[WORK ORDER] In the data below, find the line containing "SKEのカープ女子・藤本冬香"; transcribe it and each line after it exactly, through the last, skipping pictures.

[SUPPLIED DATA]
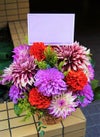 ダリアのコントラストが織りなす大人の魅力に釘付け!ラウンドタイプなので360度どこから見ても美しいです。
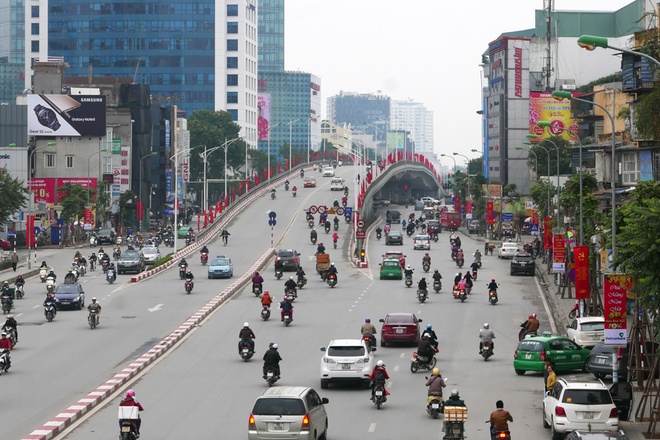 Portales de diseño en la avenida Thang Long, hacia el interior de la ciudad
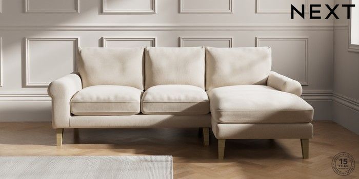7.2.10 Palermo Relaxed Sit Medium Sofa Chaise - Right Hand Studio Chenille Oyster Tapered - Light | Made Click here to use our website with more accessibility support, for example screen readers
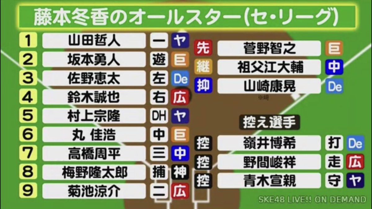 SKEのカープ女子・藤本冬香ちゃんが選んだセ・リーグとパ・リーグのオールスターがこちら
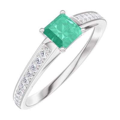 « L'ATELIER » NR 161908Pierścionek Białe złoto 375 - Szmaragd „Księżniczka” 0.3 karat - Oprawa Diament
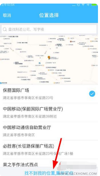 3、点击找不到我的位置,重新定位,你就可以在地图上选择地址,或者就选择拍照签到;
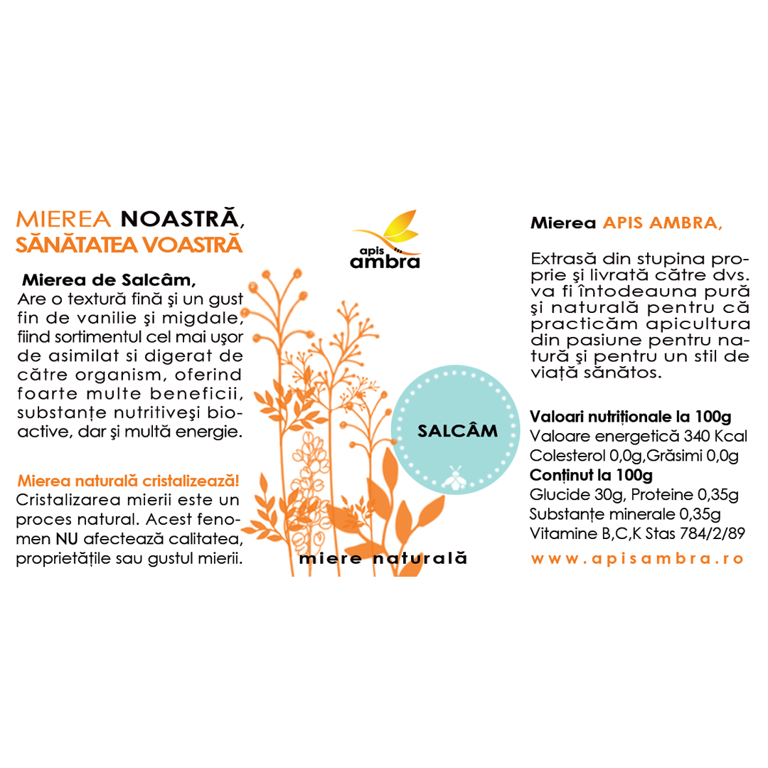 Apis Ambra este numele de brand/comercial care garantează proveniența, calitatea și trasabilitatea acestei mieri de salcâm, indicând sursa specifică a produsului.
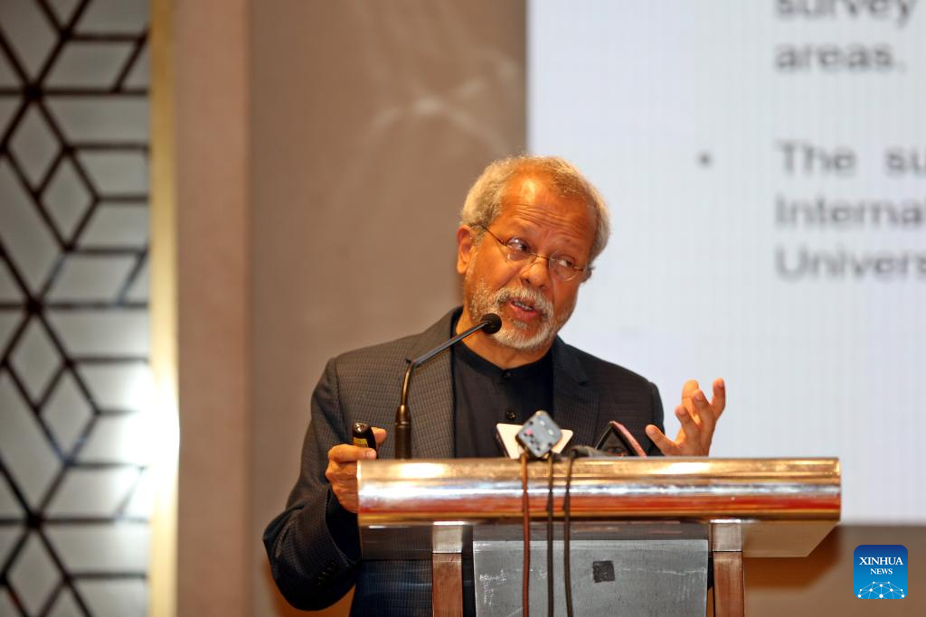 Imtiaz Ahmed, executive director at the Center for Alternatives, introduces the survey "National Image of China in Bangladesh," in Dhaka, Bangladesh, March 11, 2025. Around 90 percent of Bangladeshi respondents have favorable stance on China and their satisfaction is increasing over the past three years, according to a leading local think-tank survey. The survey, "National Image of China in Bangladesh," released on Tuesday, found that the overall image of China in Bangladesh has improved and shows consistent trends in several areas, including Bangladesh-China economic relations, people's perception of the Chinese society and economic situation. (Photo by Habibur Rahman/Xinhua)

[RESULT]
 SKEのカープ女子・藤本冬香ちゃんが選んだセ・リーグとパ・リーグのオールスターがこちら
 « L'ATELIER » NR 161908Pierścionek Białe złoto 375 - Szmaragd „Księżniczka” 0.3 karat - Oprawa Diament
 3、点击找不到我的位置,重新定位,你就可以在地图上选择地址,或者就选择拍照签到;
 Apis Ambra este numele de brand/comercial care garantează proveniența, calitatea și trasabilitatea acestei mieri de salcâm, indicând sursa specifică a produsului.
 Imtiaz Ahmed, executive director at the Center for Alternatives, introduces the survey "National Image of China in Bangladesh," in Dhaka, Bangladesh, March 11, 2025. Around 90 percent of Bangladeshi respondents have favorable stance on China and their satisfaction is increasing over the past three years, according to a leading local think-tank survey. The survey, "National Image of China in Bangladesh," released on Tuesday, found that the overall image of China in Bangladesh has improved and shows consistent trends in several areas, including Bangladesh-China economic relations, people's perception of the Chinese society and economic situation. (Photo by Habibur Rahman/Xinhua)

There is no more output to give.